Human milk bank
Human milk banks store breast milk from donors for infants who cannot be given direct breast feeding due to several medical or physical reasons. Breast milk should ideally come from the baby's own mother. But when this is not possible, the baby can be given breast milk from donors (other women's breast milk), which provides the same precious nutrition and disease fighting properties as one’s own breast milk.
Why should I be aware of this?
If your baby has special needs, such as intolerance to formula, severe allergies, is failing to thrive on formula, is premature or has other health problems, he or she may need donated human milk not only for health, but also for survival.
How does this affect me?
There are several reasons why a mother may not be able to breastfeed her own baby:
- If the delivery is premature, a mother's milk supply may not become established enough to provide milk for her baby. Sometimes the stress of caring for a very ill infant prevents the milk supply from developing.
- A mother who delivers twins or triplets might not have enough milk supply to nourish all of the babies.
- Some medicines taken by the mother for a health problem, such as chemotherapy for cancer, can harm a baby.
- If a mother has an infection, such as HIV or hepatitis, it is likely to spread to her baby through breastfeeding,.
- A mother might have a health problem that prevents her from breastfeeding or makes it impossible for her to produce milk.
All about human milk bank
Human milk banks follow a strict procedure for collection and dissemination of milk. A lactating woman’s breastmilk is collected, pasteurized, tested for any microbes of diseases and then stored in a freezer at -20 degrees centigrade. It is of paramount importance that the donor mother is healthy and is not suffering from any disease.
The expressed milk is pasteurized for 30 minutes at 62.5 degrees after which it is rapidly cooled and poured into an autoclave stainless steel container measuring 150cc, 250cc and 300 cc and preserved at minus 20 degrees centigrade. From each of the three containers, a sample measuring 2 cc is sent for culture and microbiological testing for HIV, history of jaundice, venereal disease and so on. Once found disease-free, the stock is stored and used when required within the subsequent six months.
In countries such as the UK, Sweden, Norway, and the US, the services of human milk banks have been available for many decades now. Indian hospitals only understood its importance in 1987, when Dr Armida Fernandez, then Dean of Sion Hospital, founded the first human milk bank of the country and, in fact, in Asia.
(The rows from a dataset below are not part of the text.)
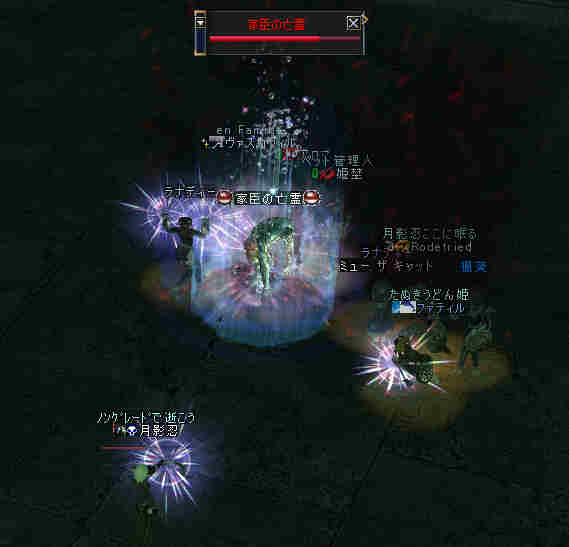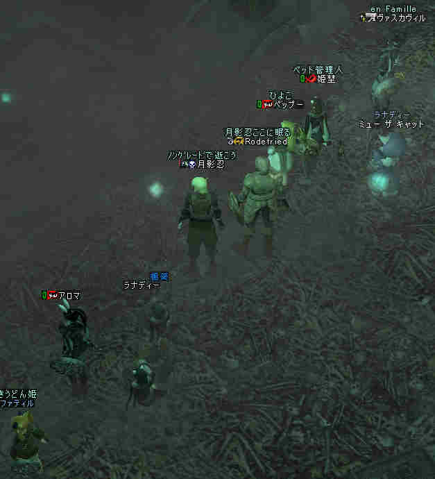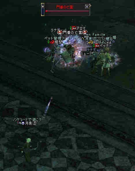 ノングレード決死隊の冒険「帝国の墓地編」 ミッション:「帝国の墓地を目指せ!」 準備:消耗品調達 アデン消耗品を購入し、持ち数を確認。 ・NSS:4,000個/@8a=32,000a ・祝NSPS:100個/@42a=4,200a ・体力POT:20個/@396a=7,920a ・木矢:2,045本/@2a=4,090a ================================ 合計:48,210a 開始アデナ:67,345a 移動: GK代「火炎の入り口」@1,400a 「アルゴスの壁」入り口到着 21:55頃 19;00から待っていたと言うRodefried 氏と合流。 Rodefried「だれも来なかったらどうしようかと…」 月影忍「主催やってて、それが一番恐い^^;」 さすがに今回のミッションは、2人は厳しいだろう^^; ふたりでPTを組んで、 白チャで話していると、ぽつりぽつりと参加希望者が集まる。 PTを組んでいるのだが、なぜかその後も白ちゃ会話が続く… 4人集まった所で、ちょいと試しにソロを… やはり、ノングレードでソロをした場合の危険性も身体を張って確認しておいた方が良いだろう… 「いてら~」とか言われて飛び出したのはいいが・・・ 「バレー アンテローブ」 入り口周辺に生息する鹿形モンスター。 LVは68でHP2倍モンスター。 当然俺とは10以上レベルが離れている。 この狩り場のレベルから言うとザコに違いない。 エンタングル(LV.7)発動…失敗 祝込めてw…失敗 効いたらラッキーとは思っていたが、予想通り決まらない。 月影忍「想定内だw」 弓もフルSSで連射w…時々外れw 月影忍「こ、これも想定内だw」無理にでも自分を落ち着けようとする… しかし、相手のダメージで、確実にHPは削られていく… 月影忍「うはw、だ…ダメだ、硬すぎる」 月影忍「やばい、やばい、やばい、やばい、やば…」 脳内警報音が激しく鳴り響くw こちらが相手のHPを1/5ほど削った時に、こちらはすでに瀕死の状態に…(;´Д`) 前回もFAで痛さは実感していたが、 PM「これは、逝ったな…」 モニターの向こうのPM(プレイマスター)がポツリと言った… 月影忍「こ、こらw」 さすがの俺も動揺を隠せないw PM「想定内だ…」 月影忍「勝手に想定内にすなw!」 PM「ノングレードで逝ってみよう!」 月影忍「まだ、イベント始まってねーよw(;´Д`) 」 俺は「身体を張って確認」とか言わなきゃ良かったと少し後悔T-T 参加者は、裏で行われていたこの壮絶(?)な、やり取りを知る由も無い。 そして、その参加者にヒールしてもらえなかったら、俺は確実に逝っていた。 何度もヒールしてもらって、やっと倒す事が出来たが… PM「ち、生き残ったか…」 月影忍「…」 ソロは無理の狩り場だなw 遅れて何名か来ると言う話なので、集まったメンバーと狩りをする事に。 入り口近くに、業者だか、肉入りBOTだか、忙しなく動き回っている。 そして、たまに同じ標的を・・・ 今回は、火力で負けた(;´Д`) (ドロップもスポも向こうに優先権がw FAしたのこっちなのにw) BOT恐るべし・・・じゃなくて、消えて欲しいぜ、まったく。 傍から見て、どう考えても楽しんでいる様には見えない機械的な動き。 見ていて気持ち悪いと感じるのは俺だけじゃないだろう。 さて、ソロで困難だった狩りも、PTになるとだいぶ楽だ。 各々のスキルを駆使しないとPTでの狩りですら、結構危険な状態になる。 ルーツかける人、ヘイトする人、スポる人、殴る人、ヒールや状態異常を治療する人。 連携が大事。 遅れてきた人が到着したので入り口に戻り、合流。 さて、「ミッション開始」である。 ・バレーバンダースナッチ(レベル70、3倍HP) ・バレーバンダースナッチスレーブ(レベル71、3倍) ・バッファロースレーブ(レベル72、3倍HP) これを書くに当たって、モンスターのレベル調べてるのだが・・・ ここって、こんなに高レベルの狩り場だったのかw @@; (マテ 倒せてはいるんだが・・・かなり危険なレベルだw と言うか、無謀? ふ・・・ノングレード決死隊にふさわしいぜw そして・・・ ダメージも半端ではないw ・グレイブ スカラベ(レベル72) (;´Д`) ・スカベンジャー アント(レベル74) 硬さも半端ではない。 ほとんど半分レイドボスと化した高レベルモンスター達! 武器も装備も上限は決まっている装備。 ノングレードの武器でレベル20近くも離れたモンスターと戦っている。 特筆すべきは、全滅しないで、普通に狩りが出来ている事だろう。 ここは、適正レベルの装備でも危ない場所だ・・・。 と言うか、普通は50代で来れる場所では無いだろう。 今回のPT参加者では、最高レベル63だ。 それにしても10以上レベルが高いモンスターと戦っている事になる。 そして俺たちはやってきた! 「帝国の墓地」 記念写真・・・ Rodefriedさん、そのタイトルってwちょw@_@w ミッション:「帝国の墓地を目指せ!」 完了 今回のノングレード勇者達(敬称略) ヴァスカヴィル/姫埜/ペップー/Rodefried/楓葵/ラナディー/アロマ/ファティル 今回の危険極まりないミッションへ参加した猛者達である。 で、足元を見ると、すごい事になってる。 wっうえwっうえっうぇwww 俺の骨もあるのか!? ミッションは終了したが・・・ せっかくここまできたんだから・・・ いける所まで・
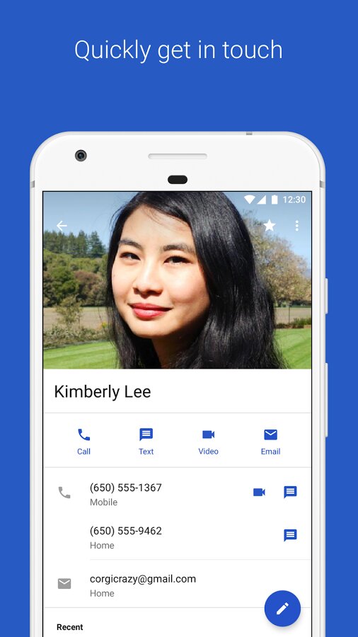 - Получайте доступ к контактам аккаунта Google с любого устройства.
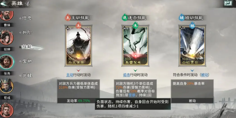 当然这类型伤害是受到这类控制效果,或者是魅力类型影响的,这两类效果进行影响的时候,我方可以克制的角色可能就变少一些了,后期在张角上场的时候,大家一定要注意他现在的主动技能,带兵无常势会更好,因为他基础能力都是群体的,所以没有办法收割残血的话,就可以兵无常势来保证自己弱点效果不会牵扯到其他的队友。
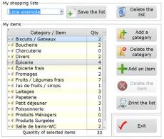 Keywords: Shopping list management, organize your shopping list, free software This free software allows you to manage and print your shopping lists. Shopping lists are organized into categories of items. You can create as many item categories as you want, each categorie can contain as many item as you want. My shopping list software is very simple to use, you just have to select all item you have to purchase and open the print preview to check that you shopping list is complete. For each item you can also choose a quantity. A search feature allow to find easily an item in your list.
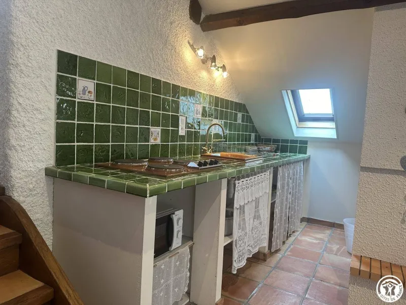 The Brillat-Savarin interview weekend will allow you to discover a large market for local products. For one night or a longer stay, Monique and Daniel are happy to open the room Under the Good Roof to you. A large bedroom under the eaves with a 160*200 bed, a living room with a 140*190 sofa. You have a living room with its ornamental fireplace and kitchen area to extend your getaway. For professionals or not, an office space.
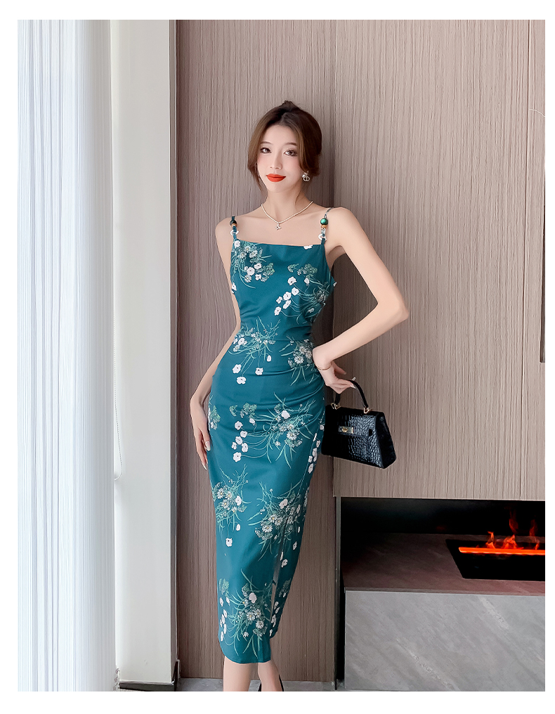 RM23892#高冷御姐风吊带连衣裙2023夏季新款印花法式高级感包臀长裙
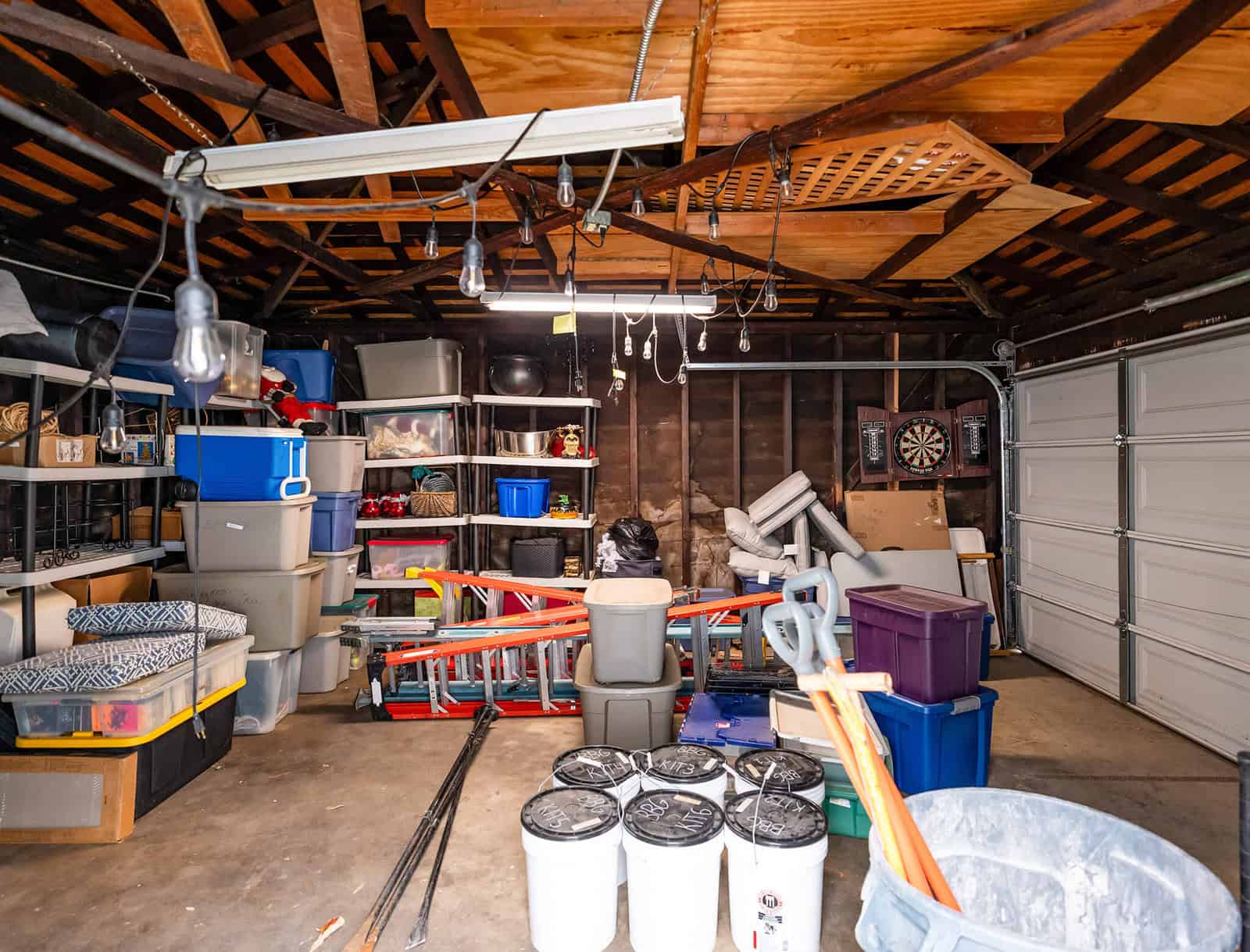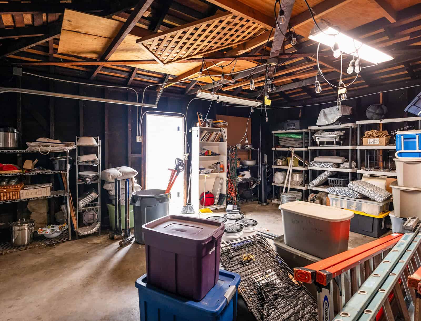To double the space so it still accommodates their storage needs, Andy, Drew, and Jonathan created an attic-like structure in the ceiling, with a pull-down door for easy access and a more organized feel.
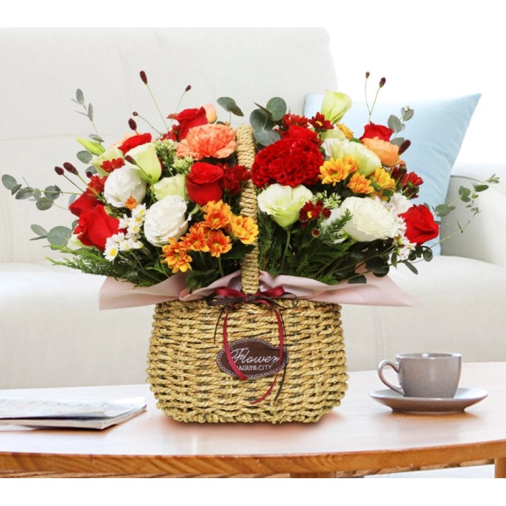 꽃바구니 - 붉은혼합 (총 높이 약 40cm)+0원
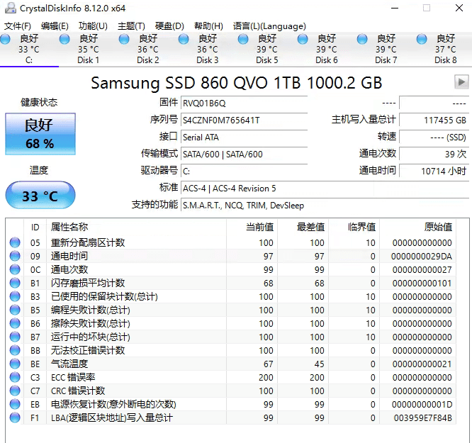 然后下载CrystalDiskInfo磁盘工具,查看当前磁盘的健康情况。点击下载CrystalDiskInfo
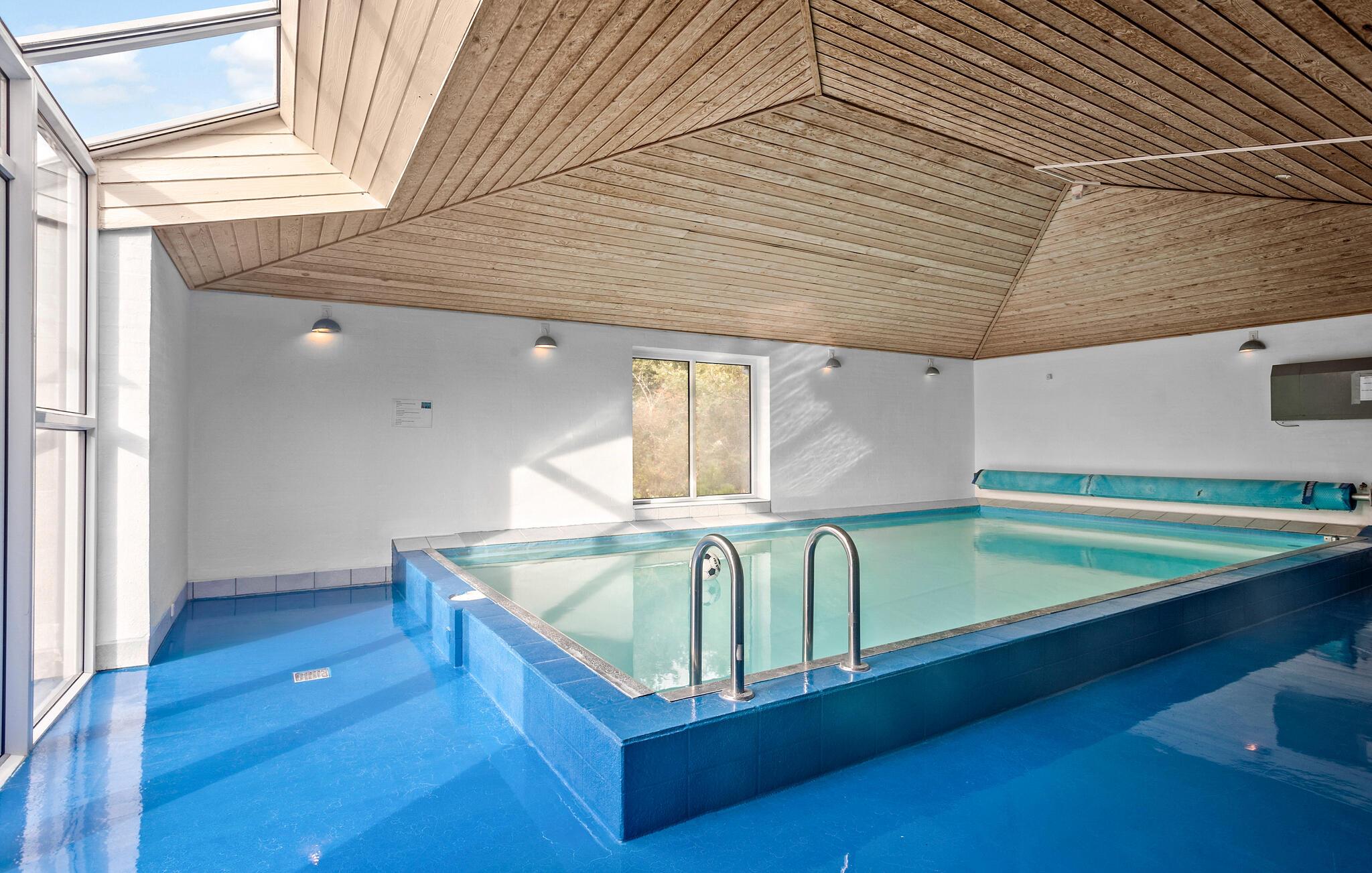 Velkommen til dette hyggelige sommerhus, som er den ideelle base for jeres næste familieferie. Huset giver plads til afslapning og sjove aktiviteter. I alrummet kan I både lave mad i køkkenet, slappe af i loungeområdet ved brændeovnen eller spille brætspil ved spisebordet. Ligeledes kan I svinge benene op og slappe af i sofaerne ovenpå, hvor I også har mulighed for at tænde op i pejsen. I forlængelse af huset er en indendørs pool, hvor børnene kan lege, mens I slapper af i spabadet ved siden af. Efterfølgende kan slutte af med en tur i saunaen.
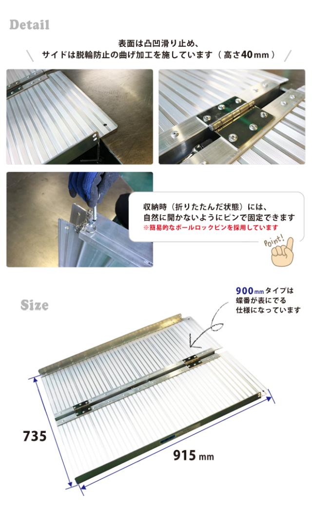 車いす用スロープ 900mm アルミスロープ 車椅子用 ハンディスロープ 段差解消 折りたたみ式 アルミブリッジ 介護用品 (ゴムマット プレゼント) KIKAIYA
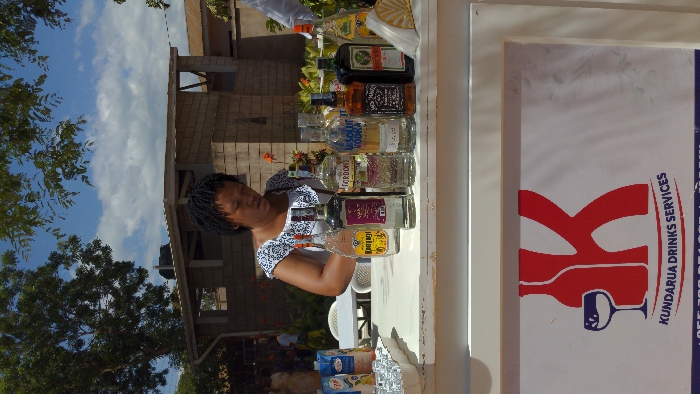 An outdoor scene in Soweto, Tanzania, features a beverage bar under bright daylight. A female individual, approximately in her 30s or 40s with dark braided hair and a white patterned top, stands behind a white counter, looking downwards towards the items on it. The counter displays an assortment of alcoholic beverages, including clear bottles of Konyagi, VOK, Gordon's gin, Absolut Vodka, Jack Daniel's whiskey, and Jägermeister, arranged in a line. To the left of the bottles are multiple blue cartons, a foil container with snacks, and a tray of small, clear glasses. A fanned stack of white napkins rests on the right. In the background, behind the attendant, white plastic tables and chairs are visible, with blurred figures of people. The distant background includes a single-story building constructed with light-colored blocks and a darker roof, along with lush green trees and blue sky with scattered white clouds. The foreground shows a white sign with a red "KUNDARUA DRINKS SERVICES" logo, depicting a bottle and a wine glass.
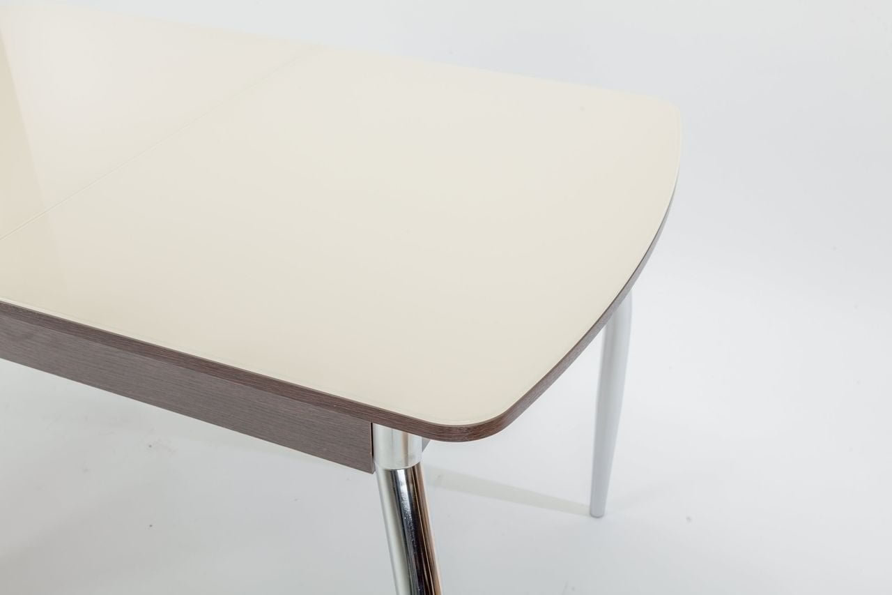 Механизм раскладки- синхронно -раздвижной (бабочка). В разложенном виде стеклянные половинки столешницы разделяет вставка из ДСП. Интересное сочетание в исполнение столешницы ДСП и закаленного стекла придаст шарм вашей кухне.

The need for the human milk bank was not felt, until the importance of breastfeeding was understood and gained universal popularity. In developing countries even today there are many hospitals, doctors, nurses and working mothers who prefer the easy way out and opt for bottle-feeding their babies.
Who can be doners?
- Donors can take the progesterone-only contraceptive pill and use asthma inhalers, if necessary, but cannot take any other medication, smoke, or drink more than two units of alcohol or seven cups of coffee a day.
- Donations must stop if the woman develops mastitis or rubella or recently had a rubella vaccination.
- The first donation must be within six months of starting breastfeeding
What can I do?
- It pays to be informed, because many children that could benefit from donor milk get deprived as many doctors are not aware that human milk banks exist
- You can identify a typical candidate for donor breastmilk when they exhibit prolonged episodes of inconsolable crying, ongoing vomiting and classic allergy signs such as purple or black circles under the eyes, pallor, skin inflammation, lethargy and frequent or bloody stools.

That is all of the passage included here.